Using the new weather variable calculated above, create a barplot showing the proportion of all flights that are delayed by weather at each airport. Discuss what you learn from this graph.

From this barplot we see that there is a high proportion caused by weather in general. If we only used the weather condition provided, we would probably see less of a proportion thus making us feel like there is not a big relationship between common weather delays and total delays.

Read and format data

df['total_weather_delays'] = df['num_of_delays_nas'] + df['num_of_delays_weather']

total_flights = df.groupby('airport_code')['num_of_flights_total'].sum().reset_index()

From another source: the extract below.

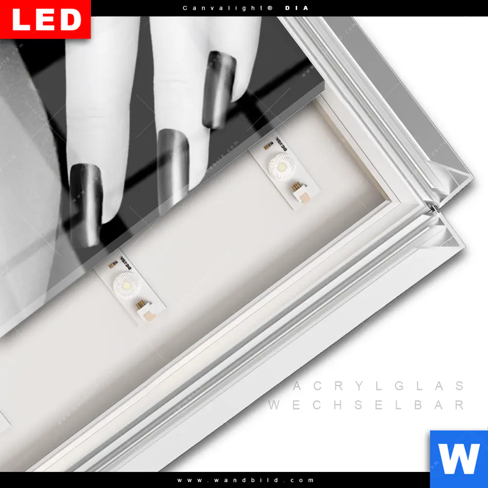 LED-Glasbild mit austauschbarem Acrylglas-Druck (Wechselbild)

q5 = df.merge(total_flights, on='airport_code', how='left')
q5['all_delayed_by_weather'] = (q5['total_weather_delays'] / total_flights['num_of_flights_total'])*100


q5_fig = px.bar(q5, x='airport_code', y='all_delayed_by_weather',
title='Proportion of Flights Delayed by Weather at Each Airport',
labels={'weather_delay_proportion': 'Proportion of Flights Delayed by Weather', 'airport': 'Airport'})
q5_fig.update_xaxes(title_text='Airport')
q5_fig.update_yaxes(title_text='Proportion of Flights Delayed by Weather')

q5_fig.show()